Disclaimer: Undyne is wonderful and I love her, but this was written for the sake of that one ending which I don't see people talking about very often. You know the one.
Figureheads
(Remember your orders, Papyrus? ...That's right. Just stand there, and look cute.)
Papyrus salutes Undyne when she walks past his post in the hallway and asks him how he is.
"Aha, I've never been better," he declares with a hand to his chest. "After all, my brilliance can only grow as each day passes!"
Undyne curls her lips up at him. There is a small but unmissable beat of silence, and Papyrus raises his brow ridge ever so slightly. The gesture asks her wouldn't you agree, but the timing says why aren't you answering?
"That's right." She forces a laugh, realizing she's forgotten her helmet is on. "Hard at work, yeah?"
Papyrus nods. "I hope you are doing well too, Undyne. That you have never been better."
"I'm fine." As long as you are, at least. "Remember your orders, Papyrus?"
"Just stay right here, while you go out and try to destroy the human. And all the other humans."
"That's right."
Undyne doesn't expect many things to be the same, but Her Most Important Royal Guardsman nods just as he used to in his lessons under her. She clears her throat to clear an unpleasant sting in the back of it, before she tells him: "But hey, Papyrus? If I let you, though I obviously can't allow this to someone so important— Would you want to go after them? Get your hands on them and bring them to me, like you used to try?"
"I... certainly would like to get my hands on them, yes! Though I'd rather not take off my gloves."
"Good," she snorts, and slams her gauntleted hand onto his shoulder for old times' sake. A yowl of shock leaps from Papyrus's mouth as a mole leaps from its burrow, and hides away just as hurriedly under his usual cackles.
("Remember your orders, Papyrus," she's told him countless times.)
Sans knows who they did in.
He doesn't tell Undyne, but something clicks when she goes to check on the lazy sentry. When she discovers he's strayed from his post as he always does. He greets her just as she's about to drag him back by the hood, and says he's practicing some jokes. Does he expect someone to come through that door, she wonders aloud— and she realizes. He recognizes her epiphany with a chuckle, so immediately that Undyne could have sworn he was one beat ahead of her.

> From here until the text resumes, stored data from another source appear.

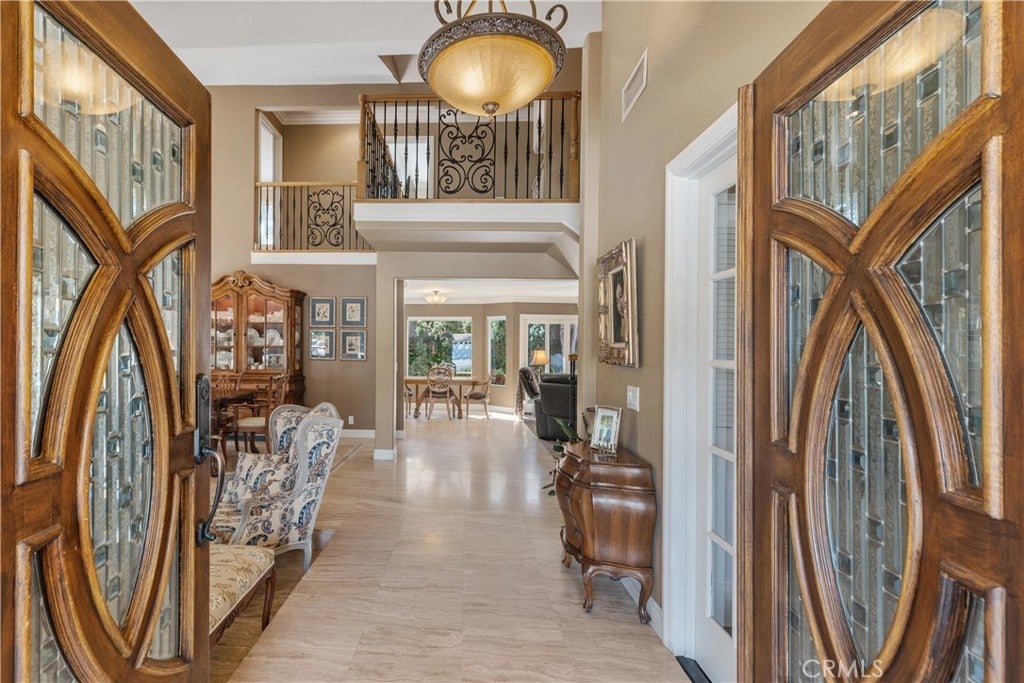 Beautifully situated in North East Santa Ana’s desirable Young Square neighborhood, this exceptional home rests near the end of a quiet cul-de-sac offering privacy with no drive-through traffic. Step through elegant leaded glass double doors into a bright, open floor plan featuring vaulted ceilings, beautiful crown molding, a sunken living room, and a formal dining room, perfect for gatherings both intimate and grand. The home offers 3 spacious bedrooms, 2.5 bathrooms, plus a dedicated office space, providing flexibility for today’s lifestyle needs. A striking wrought iron staircase leads upstairs, where all three bedrooms are thoughtfully positioned. The luxurious primary suite features his-and-her closets, an oversized storage closet for additional organization, and a spa-like ensuite complete with dual sinks and an expansive walk-in shower. The secondary bedrooms are connected in a convenient Jack-and-Jill layout, ideal for family or guests. The kitchen opens seamlessly to an intimate dining area and inviting family room with a cozy fireplace, creating the perfect space for everyday living and entertaining. Comfort and style are beautifully captured throughout this lovely home. The lush backyard is ideal for entertaining family and friends, while the manicured front and rear yards enhance the home’s curb appeal. Additional highlights include: 2-car attached garage, HVAC and furnace approximately 6 years old, Dual-pane Andersen windows throughout, and a Durable tile roof. This is a rare opportunity to own a beautifully maintained home in one of North East Santa Ana’s most desirable neighborhoods.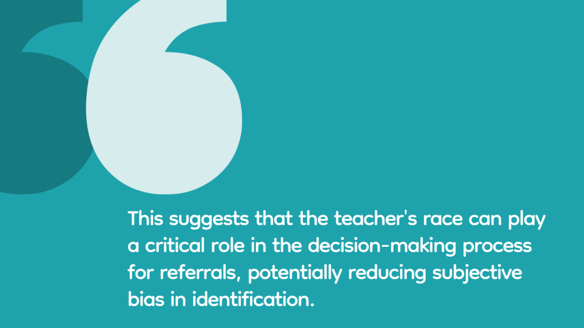 - Impact on disability categories with high discretion: The findings highlight a stronger relationship for disabilities that have a more discretionary component in their identification, such as specific learning disabilities. This suggests that the teacher’s race can play a critical role in the decision-making process for referrals, potentially reducing subjective bias in identification.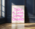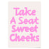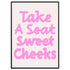 Das Poster mit der Aufschrift “Take a Seat, Sweet Cheeks” in rosa Schrift ist ein echter Hingucker. Ob als Geschenk zum Hauskauf oder zur Einweihung – es bringt Charme und Humor in jedes Zuhause.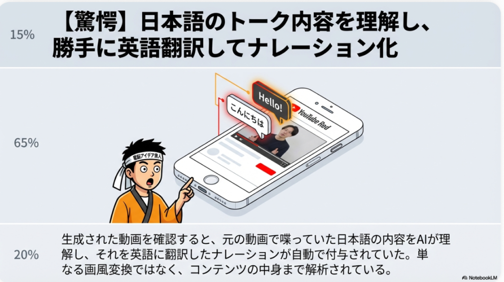 今回の実験で間違いなく言えるのは、Veo 3の技術がYouTubeの中に組み込まれたということです。AIが自分の声をしっかり英語に翻訳し、ナレーションも複数のスタイルから選べるようになっています。今はまだ機能が限定的ですが、だんだんといろんな機能が追加されていくことは間違いないでしょう。
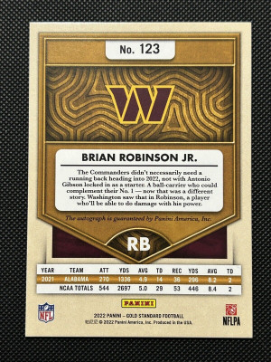 Brian Robinson Jr 2022 Gold Standard Platinum Rookie Auto RC #/25 Commanders NFL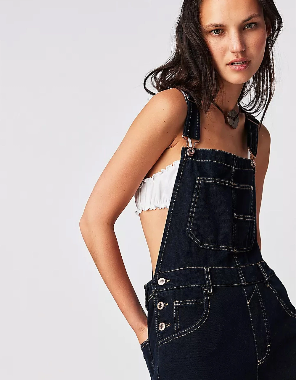 Free People Ziggy Overalls. Bib-and-brace design. Tapered legs. Exaggerated bib pocket detail. Rigid denim fabrication. Varied distressing throughout. Relaxed, slouchy silhouette. 100% Cotton. Machine wash. Imported.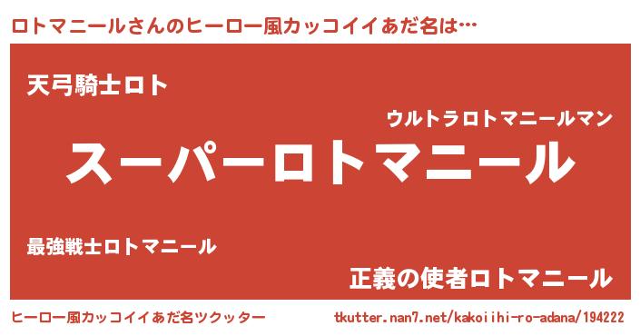 | 男性向けラノベタイトル風あだ名 | 『ロトマニールアートオンライン』 |

Sans still doesn't say much, not even the name of whom he imagined was behind the door, only that "In hindsight, it seems like she knew this would happen," and he is as solemn as Undyne's seen anyone with a frozen grin ever be. "'S no way to end things," he murmurs, shuffling some slush with the tip of his shoe.
Undyne hears him loud and clear through her helm."You're saying she wasn't afraid of them," she replies through gritted teeth.
Sans shrugs. "I dunno. She did sound kinda worried."
"She overcame her fears, then. That murderer came to her, and she stood there to fight."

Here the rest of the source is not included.